I currently living in Ranco compound, but as my work is moving to Business Gate I would like to move near there to avoid the terrible morning traffic. Does anybody have any recommendations for a 3+ bed villa on a budget of SR130,000? I would prefer some kind of compound but am not bothered about modern or extensive facilities. My budget rules out Al Hamra, Arizona, California and Al Nakhla and I visited Fal but was not impressed. Many thanks.


----------



## swksalife (Dec 28, 2020)

mc30b said:


> I currently living in Ranco compound, but as my work is moving to Business Gate I would like to move near there to avoid the terrible morning traffic. Does anybody have any recommendations for a 3+ bed villa on a budget of SR130,000? I would prefer some kind of compound but am not bothered about modern or extensive facilities. My budget rules out Al Hamra, Arizona, California and Al Nakhla and I visited Fal but was not impressed. Many thanks.

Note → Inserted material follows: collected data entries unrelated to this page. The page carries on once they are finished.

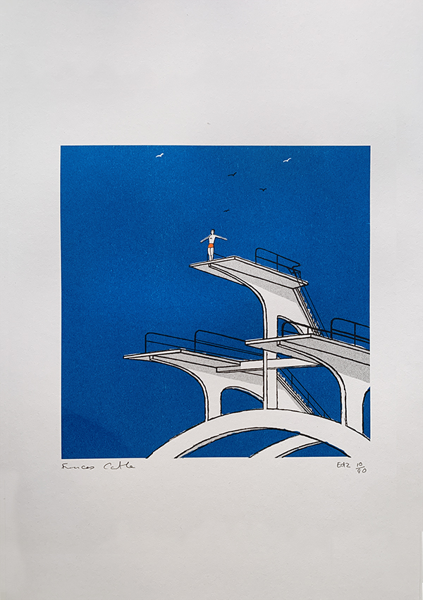 Darren Hayman 'Lido Diver' A3 Risograph Print.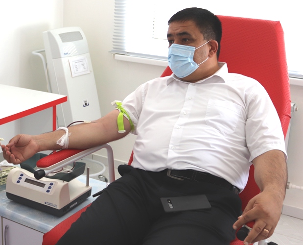 Бугун эрталабдан муассаса ҳар доимгидан-да гавжум. Хайрли ишга бош қўшиш истагидаги кўплаб юртдошларимиз қон топшириш учун ташриф буюрди. Вилоят ҳокими ўринбосари Санъат Салаев, вилоят соғлиқни сақлаш бошқармаси бошлиғи ва ўринбосарлари биринчилардан бўлиб беғараз қон топширди.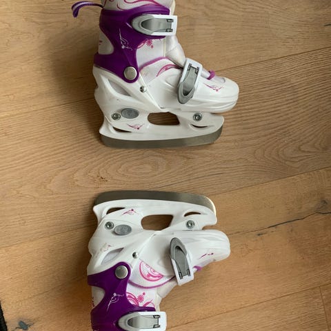 barneskøyter i størrelse 28-31, justerbar. Skøytene har en kombinasjon av rosa, hvit og svart farge. Egnet for barn og laget for generell skøyting.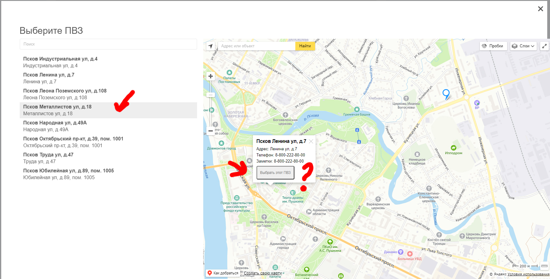 Доработать выбор ПВЗ на карте (desktop версия)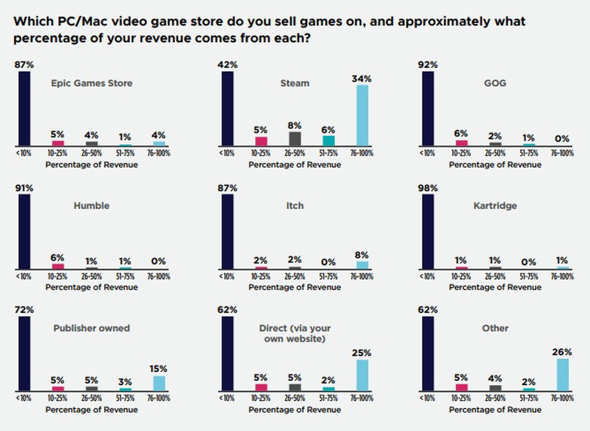Интересно, что пока Epic Games Store по-настоящему важен только для небольшой группы разработчиков. Только 14% опрошенных получают более 10% выручки от этого магазина; для сравнения, для Steam этот показатель составляет 53%.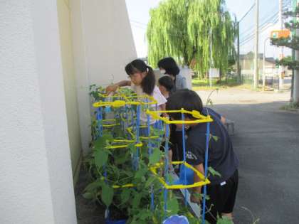 「花が咲いたよ」という明るい声に誘われて周りの子供たちもアサガオの花を見つめていました。まだ蕾のままの子供たちは、「明日は咲くかな」と待ち遠しい気持ちでいっぱいです。まだまだ、水やりもがんばっています!

What did you settle on my friend? I am living in Al Yamama2 which is nice and chilled. That's around 107k SR a year for a 2 bed villa. It's nice and in the south, and on the outskirts of the centre. Good if your work is south (which mine is, in Al Kharj). Al Yamama 2 is nice and laid back but if you have a partner who is staying at home with kids then it is probably a little on the quiet side. There's not that much of a social side (although they try certainly!). The gym is great and no one really uses it (my mate and I are in everyday) but it's noit the kind of gym that has classes and is a central hub for social activities. Yepo Al Nahkla would be awesome but like you, I think it's a bit out of my budget as I still would like my own garden and not have an apartment. My wife is coming over in Feb so I am looking for alternative compounds.


----------